He had images of a good buck on his cameras, and its movements were almost like clockwork, except when Josh Waters tried to harvest it.
"It was the third time I'd hunted him," Josh said. "I had pictures of that deer since probably late August.
"He would show up about every day. These deer were staging-up every day on acorns before going into a bean field."
Josh limited his hunts for the deer to days when the wind was in his favor, but it didn't seem to matter. He was on the brink of giving up for a while.
"The wind was the same every day," Josh said. "I don't know if it was coyotes, but something was causing that deer not to come in; all of the deer, actually. I was going to hunt him one more time and give it up until rifle season."
On Oct. 20 the wind was in his favor again, and Josh took his recurve bow to the stand in the area the buck frequented. However, after almost two hours of watching and waiting, all Josh saw were does and small bucks. He was fairly sure the hunt would be strike three for archery season.
Then, a little after 6 p.m., the buck he was after appeared.
"He came out about 150 yards down the tree line," Josh said. "He came down that fence row straight to me. It took him 20 minutes to come 150 yards or so."

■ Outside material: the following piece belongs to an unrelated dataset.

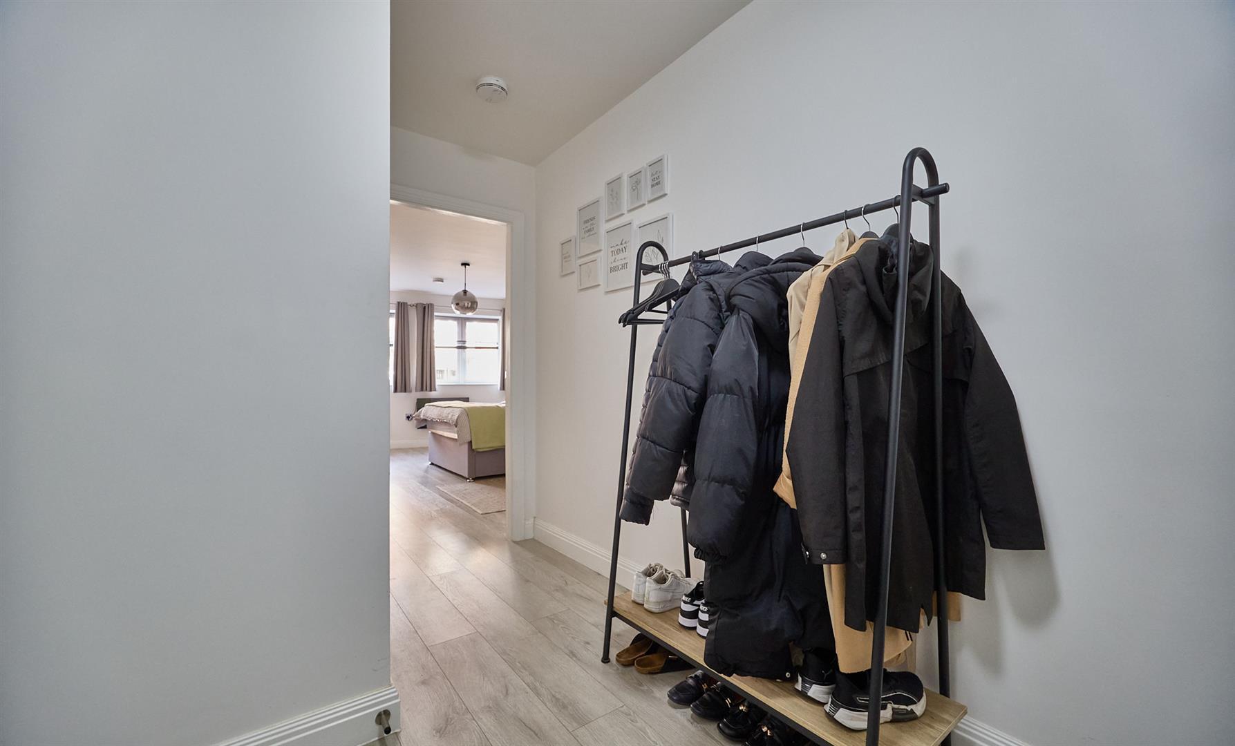With grey oak wood finish laminate wood strip flooring, security entry phone, telephone points including broadband. Wall mounted consumer unit, wired in smoke alarm. All power points and light switches are in chrome. Attractive white woodgrain interior doors to

Josh has hunted with his father, Gil Waters, since he was 6 years old, but this year was different. Josh's grandmother recently developed a medical condition that required Gil's care, and Gil didn't have time to hunt this season. However, Gil had some free time that afternoon and was in a stand watching a similar situation unfold.

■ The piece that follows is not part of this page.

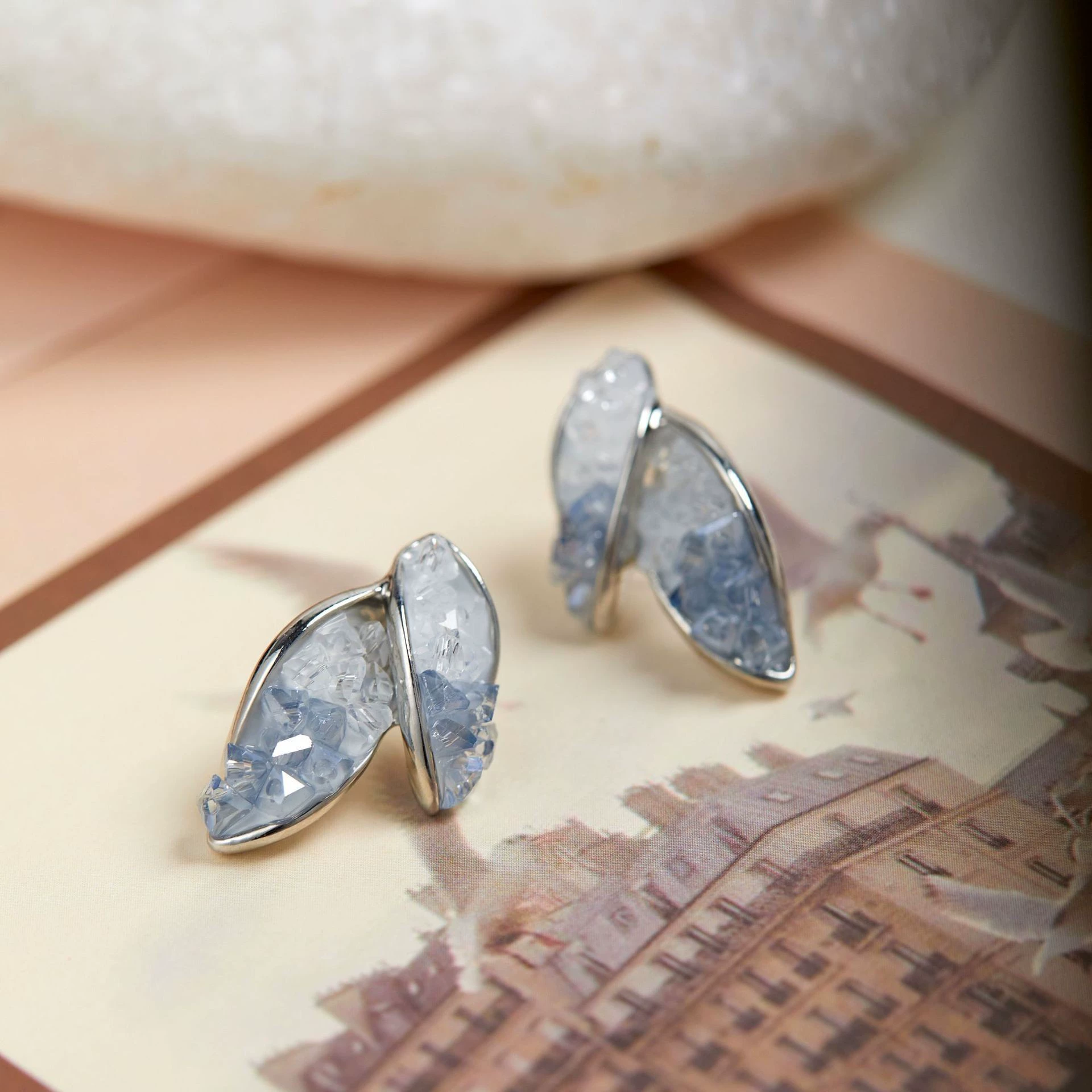 | nameOriginal | Light luxury fashionable leaf stud earrings three-dimensional blue crystal |

"I was several miles away from him," Gil said. "I was in the Big Black (River) swamp. It was the first time I had a chance to hunt."
And his timing was good. Gil said he saw two bucks, an 8-point and a 10-point, appear at 80 yards. The bucks disappeared from sight, but he soon heard them fighting in a thick cut-over about 100 yards away. The commotion apparently grabbed the attention of another buck.

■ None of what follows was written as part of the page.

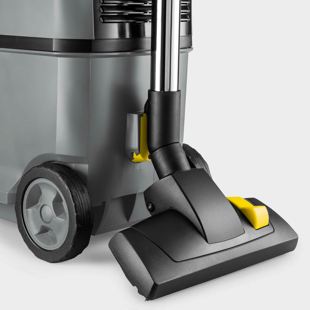 Ultra-silenzioso, resistente e sostenibile: l'aspirapolvere T 15/1, realizzato con il 45% di materiale riciclato*, offre un'eccellente potenza di aspirazione e un design ergonomico. Il nostro aspirapolvere T 15/1 è realizzato con il 45% di materiale riciclato* ed è quindi prodotto in modo da preservare risorse ed energia durante la produzione. Si distingue per l'eccezionale potenza di aspirazione, il funzionamento ultra-silenzioso, la sostenibilità, la robustezza e l'eccellente rapporto qualità-prezzo. La sua qualità è evidente in caratteristiche come il sistema di avvolcavo manuale, il robusto telaio, il paraurti, le grandi ruote e l'alloggiamento per gli accessori. Nonostante l'elevata potenza di aspirazione, il T 15/1 è estremamante silenzioso, solo 52 dB(A). Grazie a questo funzionamento ultra-silenzioso, può essere utilizzato in qualsiasi momento per le pulizie diurne e notturne in luoghi sensibili al rumore. L'aspirapolvere compatto è inclinabile e maneggevole e può essere trasportato in modo ergonomico e vicino al corpo grazie alla maniglia di trasporto. La capacità del vano è di 15 litri. Grazie al comodo porta accessori integrato, la bocchetta per interstizi in dotazione sarà sempre a portata di mano. È possibile acquistare un filtro HEPA 14 altamente efficace come opzione.

"I think that's what got him up," Gil said. "He didn't go towards them, but I think that's what got him up.
"I was hunting by a bunch of white oak trees. He was about 180 yards away and worked his way in to me to 25 yards."
So, there they are. A father and son from Scotland, a small community in Yazoo County, both watching bucks slowly make their way toward the hunters at the same time. Josh said the slow approach was getting to him, especially because of the equipment he was using.
"I was more happy than nervous watching him come in, but you always get nervous using a recurve," Josh said.
Josh's buck made it to within 20 yards, and he took the shot.
Gil's buck was standing at 25 yards away when Gil took his shot with a crossbow.
Both hunters connected.
"To be honest, I didn't even know he'd gone hunting," Josh said. "He called me about 10 minutes after I shot and asked if I'd come help him find it. I said, 'If I come help you, you've got to come help me.'"
Both deer scored an estimated 135 inches. Josh's was a 9-point with a 17.25-inch spread and 21.5-inch main beams. Gil's was an 8-point with a 20-inch spread and roughly 20-inch main beams.
While neither buck will make it into record books, they created a memory neither hunter will forget.
"Any time your son kills one it's special, especially to get two nice deer like we got," Gil said. "In 29 years, that's the first time we both killed bucks on the same day. It just made a good day that much better."